A desordem não é neutra. Psicologicamente, o acúmulo de tarefas inacabadas, pertences espalhados e compromissos não cumpridos gera uma sensação permanente de opressão. Muitos casos de procrastinação crônica são, na realidade, problemas de organização mal identificados.

Economicamente, a desordem representa um abismo: desperdício, perda de objetos, destruição involuntária, falta de espírito de modéstia. Ela constitui também uma injustiça para com o próximo e um prejuízo ao bem comum.

Visualmente, um ambiente caótico cansa o cérebro devido à estimulação constante. A longo prazo, pode causar estresse, ansiedade, desânimo e perda de motivação. Estudos demonstraram uma ligação entre a desordem e o aumento do cortisol (o hormônio do estresse), problemas de memória, maus hábitos alimentares, diminuição do controle dos impulsos e maior risco de transtornos de ansiedade e humor. No âmbito relacional, a desordem emocional — comunicação confusa, promessas não cumpridas, conflitos não resolvidos — destrói a confiança e frequentemente leva a rupturas. Famílias marcadas pelo caos relacional frequentemente observam seus filhos desenvolverem mais ansiedade e dificuldades acadêmicas.

De onde vem a desordem? Ela é moralmente ruim?

A desordem decorre, na maioria das vezes, de uma mistura de preguiça, negligência, falta de disciplina, imprudência, desprezo pelo bem comum e ausência de espírito de pobreza. Todas essas são realidades moralmente repreensíveis. É certo que o temperamento desempenha um papel importante, mas a recusa em controlá-lo também se insere no domínio moral.

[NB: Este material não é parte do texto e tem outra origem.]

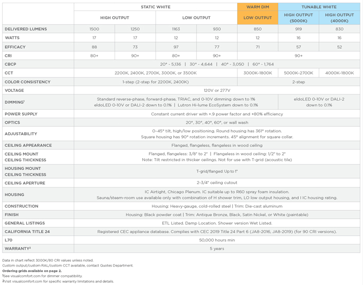 - 2” HIGH-OUTPUT, ADJUSTABLE 40°, TUNABLE WHITE 5000K-2700K, 90 CRI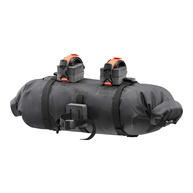 Lenkertasche für die Montage an allen Lenkertypen. Mit seitlichem Rollverschluss, Kompressionsventil und starken Gurten zur Fixierung. 9 l Taschenvolumen.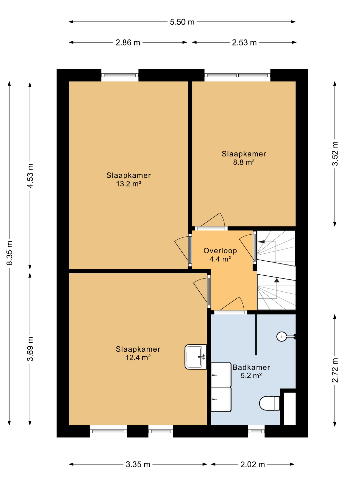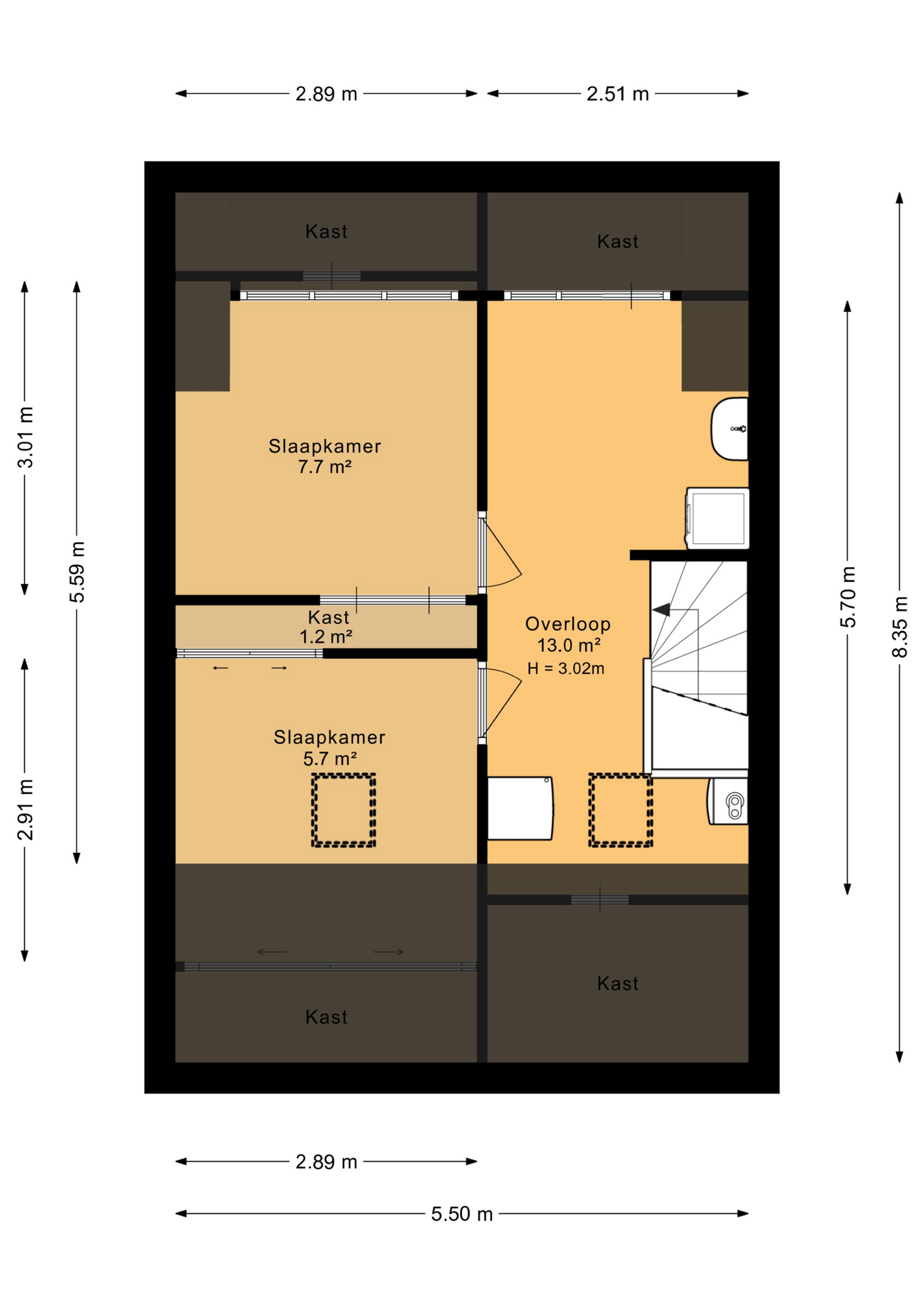 Verdiepingen & Indeling Op de eerste verdieping zijn er drie slaapkamers en een luxe badkamer voorzien van een toilet, douche en dubbele wastafel met veel ruimte. De tweede verdieping bestaat uit twee extra slaapkamers, waardoor dit huis veel flexibiliteit biedt voor gezinnen of mensen die extra ruimte nodig hebben.

A desordem nas áreas comuns de uma casa ou de qualquer comunidade constitui uma injustiça ao bem comum. O mesmo se aplica às leis, regulamentos e normas que não são aplicados ou que sofrem alterações excessivas. A preguiça, a falta de espírito de pobreza, a negligência e o desrespeito pelo bem comum são, portanto, moralmente inaceitáveis.

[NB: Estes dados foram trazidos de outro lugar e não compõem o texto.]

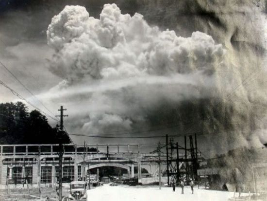▲1945年8月9日、長崎原爆投下直後に発生した巨大なトルネード。(写真=長崎市ホームページ)
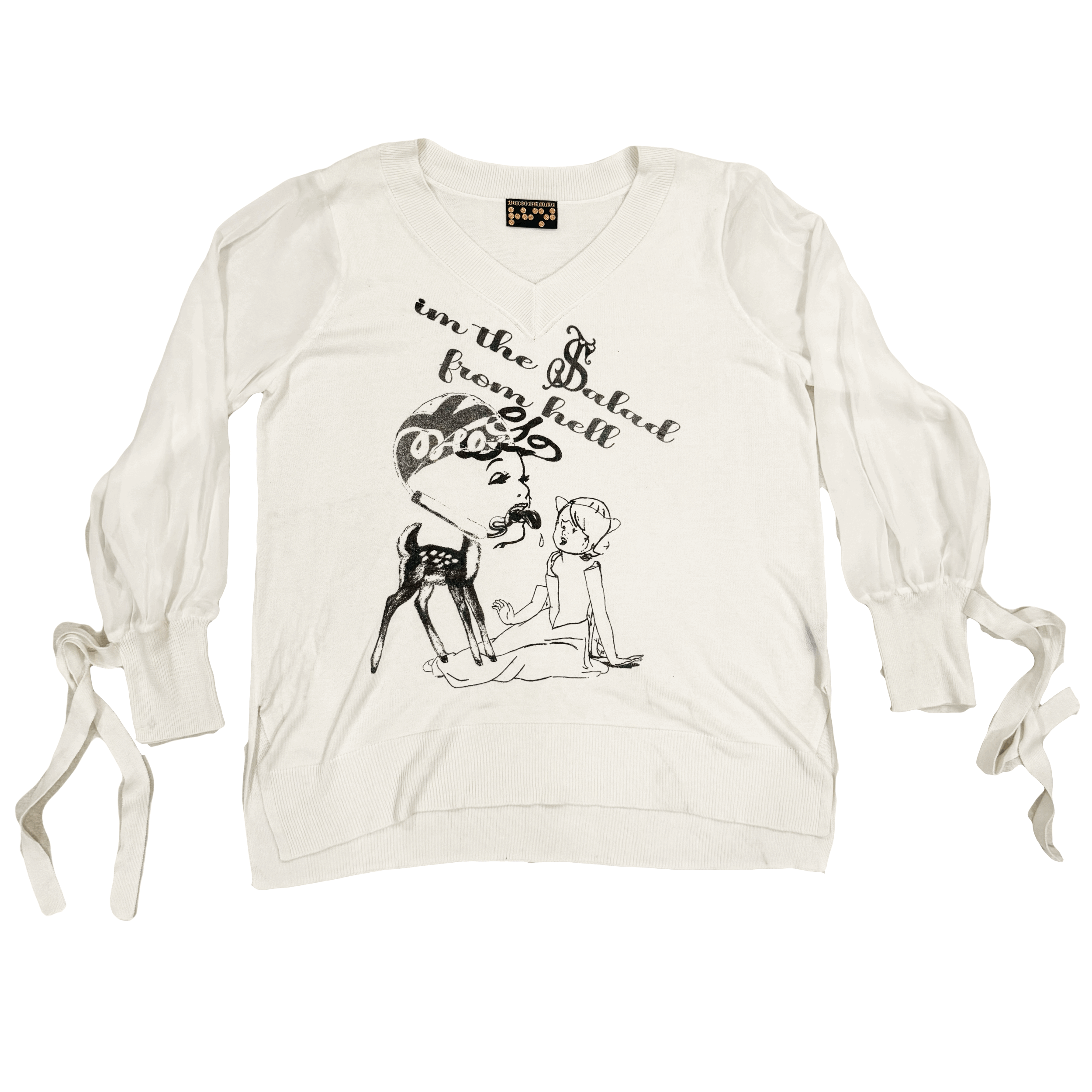 Blah Blah › Im The Salad From Hell Sweater Image 1 of 1 Im The Salad From Hell Sweater $185.00 sold out L Vintage White V Neck Sweater With Mesh Sleeves And ties1 of 1 Sold Out Added! L Vintage White V Neck Sweater With Mesh Sleeves And ties1 of 1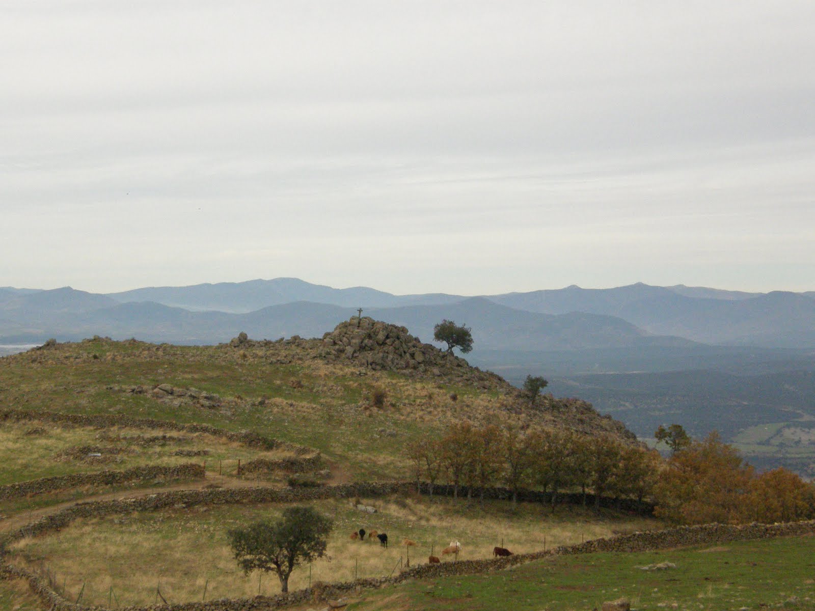 Y llegamos al Picute, este cerro coronado por una cruz. Al fondo. Las Hurdes y la Peña de Francia.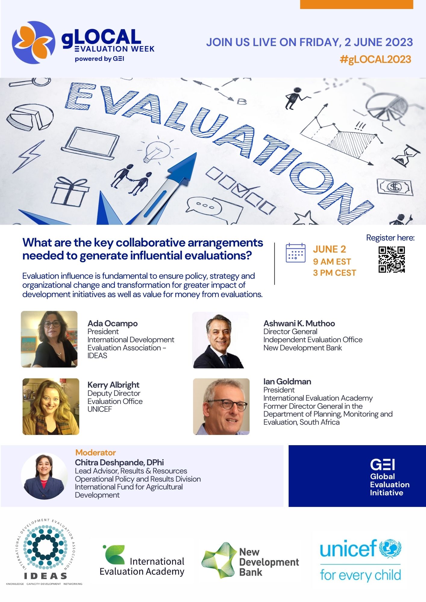 Two of the speaks have more than 30 years each of development evaluation-related experience. They are Ada Ocampo (President of IDEAS) and Ashwani Muthoo (Director General of the BRICS New Development Bank). Other reputed speakers will also be included in the discussion.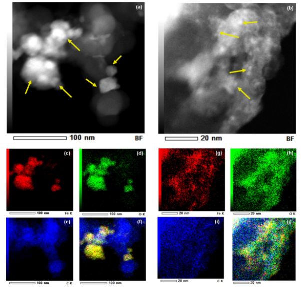 Figure 4. Fe3O4@PrGO的STEM圖像(a)原始電極,(b)100次循環(huán)后。EDX圖(c-f)原始電極,(g-j)100次循環(huán)后電極的元素分布。 Fe(紅色),O(綠色)和C(藍(lán)色)。 黃色區(qū)域是Fe和O共同存在的地方,對應(yīng)于電極上Fe3O4的分布情況。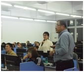 首先,鄭新民教授清晰地闡釋了語言學習的主要過程:感受語言——理解意思——模仿保持——活用語言、強調了語言內化與外化必須有機結合、分享了多樣新穎的英語學習方式,例如:“聯想記憶”、“諧音記憶”、“詞根詞綴記憶法”等等。最后,鄭新民教授組織大家對英語語言的方法和技巧、功能與前景展開了激烈的討論,同學們就自己目前對于英語語言學習的困惑提出了問題。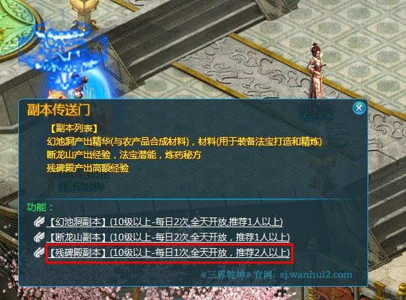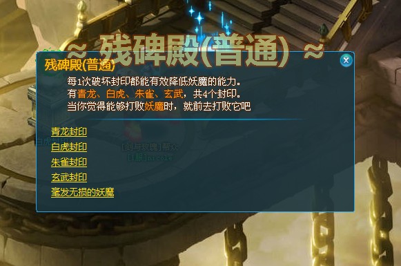 ÒÀ´ÎÏûÃðÇàÁú¡¢°×»¢¡¢Öìȸ¡¢ÐþÎäËÄ´ó·âÓ¡£¬½¨ÒéÍæ¼ÒÁ½ÈË×é¶Ó£¬¶øÇÒÿÌìÖ»ÓÐÒ»´Î»ú»á¡£²Ð±®µî¸±±¾´æÔÚʱ¼äΪ30·ÖÖÓ¡£¸±±¾Ê±¼ä½áÊøºó£¬Íæ¼Ò×Ô¶¯´«Ëͳö¸±±¾¡£²Ð±®µî¸±±¾³ýÁ˲ú³ö¸ß¶îµÄ¾ÑéÖ®Í⣬ҲÊÇ»ñµÃʦÃÅ·¨±¦´ú±ÒµÄΨһ;¾¶¡£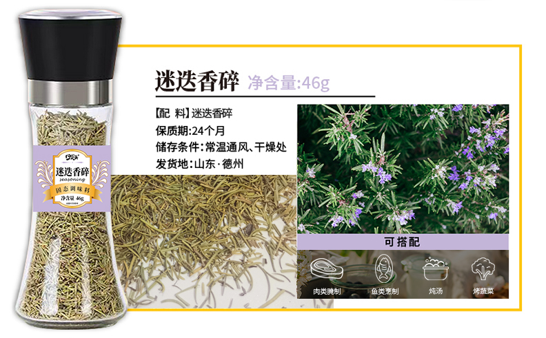 商品名称:迷迭香碎46g/瓶【带研磨】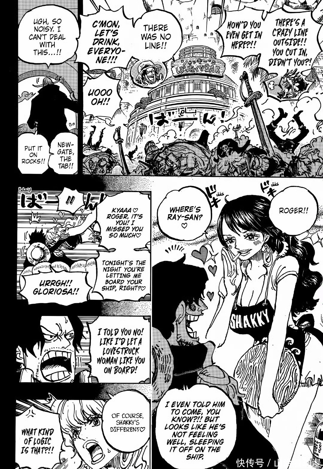 洛克斯海贼团的回忆当中,罗杰海贼团也出现在蜂巢岛,这是洛克斯海贼团的老巢,罗杰海贼团根本不怕洛克斯,两人一见面差点就打起来。毕竟罗杰把酒吧外面的海贼都干掉了,这让洛克斯非常不爽,夏琪在酒吧立下规矩,不能在酒吧里闹事。

A essas causas clássicas soma-se, no mundo moderno, um elemento particularmente nocivo: o uso excessivo de telas e a busca constante por diversão e estímulo imediato. Esse hábito provoca uma perda considerável de tempo que deveria ser dedicado ao cumprimento de nossas obrigações.

A aprendizagem da ordem

No âmbito da organização, a ordem exige uma disciplina pessoal rigorosa. Nossas obrigações possuem uma hierarquia natural baseada em seu valor intrínseco e grau de urgência. É, portanto, essencial aderir a essa hierarquia, sem adiar, principalmente, as tarefas que nos são mais difíceis.

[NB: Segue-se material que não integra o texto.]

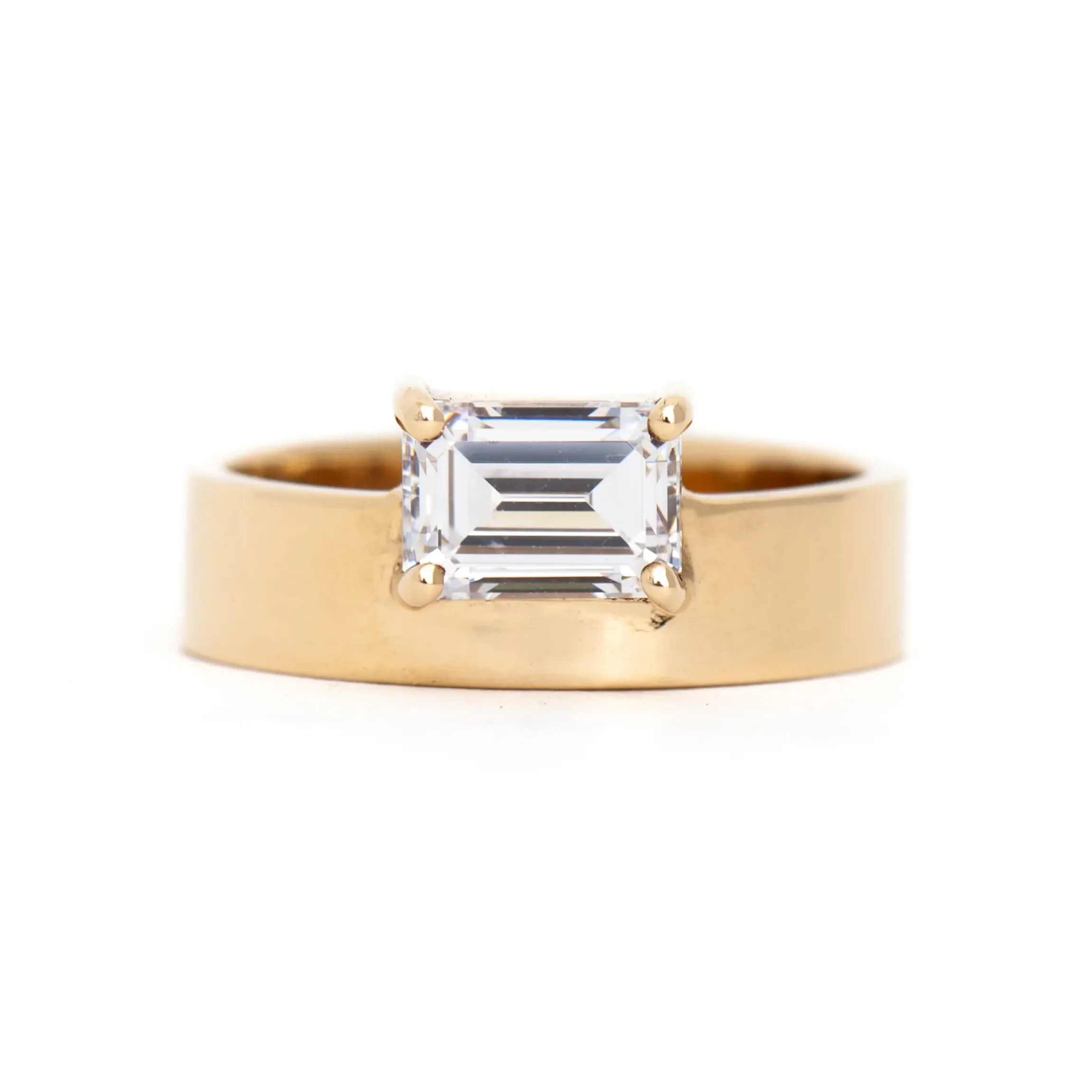 The linear facets of an emerald-cut diamond make a perfect partner to the minimal, structured setting of the Monolith series. Set east-west, the 1 carat center floats effortlessly above the edge of the gold band for a distinctly new take on the solitaire. Stack it with WWAKE’s organic, contoured rings to break the rules and make your own traditions. Made in the U.S.A.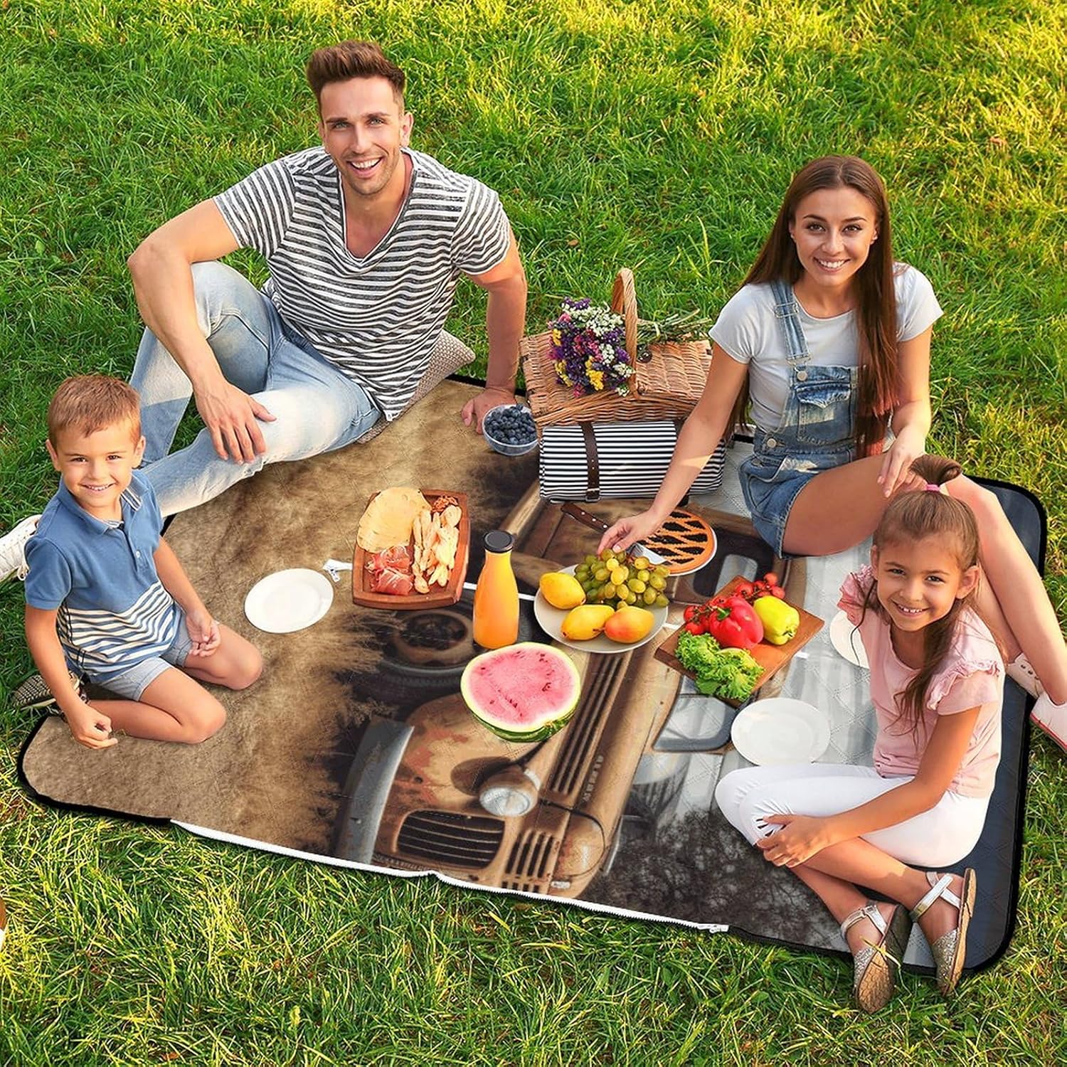 Elevate Your Outdoor Experience with the Versatile Picnic BlanketCollapsible Picnic Mat Picnic Essentials Convertible Tote Bag Portable Rug for Picnics Beach Essentials Camping Pad Cute Picnic Blanket Bag Foldable Travel Mat Large Family Picnic Blanket Outdoor Picnic MatsSuperior Protection and ComfortForget worrying about wet grass or prickly sand. Our blanket features a smart 3-layer construction. The top layer is soft to the touch, while the middle padding provides just the right amount of cushioning against hard ground. The bottom layer, made from durable 210D Oxford cloth, is completely waterproof and acts as a barrier against moisture and dirt, ensuring you stay clean and dry.Designed for the Modern ExplorerWe understand that space is precious when you're on the move. That's why our blanket features an ingenious foldable design. In seconds, it transforms from a full-size mat into a compact carry bag with a handle. This makes it incredibly easy to transport and store. But the innovation doesn't stop there; the carry bag itself is designed to be used as a sturdy shopping tote, making this blanket a true 2-in-1 essential for eco-conscious shoppers.Choose Your Perfect Size:59 x 40 inches / 150 x 100cm: Ideal for couples or solo use.59 x 59 inches / 150 x 150cm: Perfect for a small family or small group of friends.78.8 x 78.8 inches / 200 x 200cm: Our large size, perfect for family gatherings and group outings.Whether you're planning a beach vacation, a camping trip, a hike, or a simple day at the park, this cute picnic blanket is your reliable partner for comfort and convenience. Pack it, carry it, and enjoy the outdoors without compromise.

Em muitas situações, é necessário saber dizer “não” às solicitações inoportunas das nossas emoções ou das pessoas que perturbam essa ordem. Escolher a ordem não é renunciar à liberdade, mas optar por uma liberdade superior: a liberdade de criar, de amar o bem comum e de progredir sem ser constantemente prejudicado pelo peso do caos que deixamos se instalar.

Em termos práticos, a ordem é definida classicamente por esta máxima: “um lugar para cada coisa e cada coisa em seu lugar”. Essa disciplina é adquirida desde a mais tenra infância. As crianças devem aprender rapidamente a não deixar brinquedos, roupas e objetos pessoais espalhados por toda a casa. Os adultos devem fazer o mesmo com seus próprios pertences, nos ambientes comuns, na empresa ou na comunidade.

Entre os sinais frequentes de desordem, observam-se: portas de armários deixadas abertas, gavetas mal fechadas, louça se acumulando, brinquedos abandonados na sala, ferramentas que nunca são guardadas no lugar, oficina caótica ou atividades iniciadas conforme a inspiração ou o capricho do momento.

Em um mundo moderno que promove o prazer imediato e rejeita o espírito de sacrifício, torna-se mais fácil cair nessa espiral de desordem moral, individualismo e falta de disciplina pessoal. Daí a necessidade urgente de restaurar a ordem e suas exigências ao nosso redor.

Se você busca a paz na família, na comunidade ou na empresa, cultive a ordem.